Lawndale encourages interested candidates who feel they have skills and experience to specifically add value to P&F industries to contact Lawndale Capital Management at your earliest opportunity.
P&F Industries, Inc., through its two wholly-owned subsidiaries, Continental Tool Group Inc. and Countrywide Hardware, Inc., manufactures and/or imports air-powered tools and builders' hardware. Its products are sold under their own trademarks, as well as under the private labels of major manufacturers and retailers.
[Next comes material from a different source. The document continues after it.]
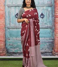 Maroon soft mul cotton saree with unstiched attached blouse piece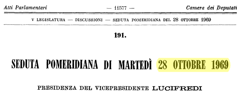 Estratto stenografico dalla seduta della Camera dei Deputati del 28 ottobre 1969.

Further information on P&F can be found at its corporate website: http://www.pfina.com/
Lawndale Capital Management, LLC
591 Redwood Highway #2345
Mill Valley, CA 94941
phone- 415-389-VALUE (8258)
IM – lawndalecapital
Link to full 2/5/10 8-K filing - http://www.sec.gov/Archives/edgar/data/75340/000110465910004998/a10-3209_18k.htm
Item 8.01. Other Events.
Consistent with the policy the Board of Directors (the “Board”) of P&F Industries, Inc. (the “Company”) adopted on October 8, 2009 (the “Policy”) with respect to suggestions from stockholders directed to the Nominating Committee of the Board (the “Nominating Committee”) as to nominees for election to the Board at annual meetings of the Company’s stockholders (as set forth in the Company’s Current Report on Form 8-K dated October 13, 2009), the Nominating Committee is evaluating the suggestion from Mr. Timothy Stabosz (set forth in his Schedule 13D filed with the Securities and Exchange Commission (the “SEC”) on September 18, 2009, as amended on November 9, 2009) that he be added to the Board. The Nominating Committee is also in the process of determining whether there are other interested independent candidates for the Board. In connection with that determination, the Chairman of the Nominating Committee has invited Lawndale Capital Management, LLC (which has reported, in a Schedule 13D filed with the SEC on February 3, 2010, beneficial ownership of approximately 7.4% of the Company’s common stock) to suggest potential candidates it considers appropriate for addition to the Board.
As contemplated by the Policy, interested candidates will be evaluated by the Nominating Committee in the context of the Nominating Committee’s determination regarding all issues relating the composition of the Board, including the size of the Board, any criteria the Nominating Committee may develop for prospective Board candidates and the qualifications of candidates relative to any such criteria. The Nominating Committee’s identification of potential candidates is ongoing and its recommendation to the Board will be made once that process and the evaluation of identified candidates is completed. The outcome of this process is not currently determinable.
Disclosure: Long presently with a 13D filing. This author may buy or sell shares at anytime.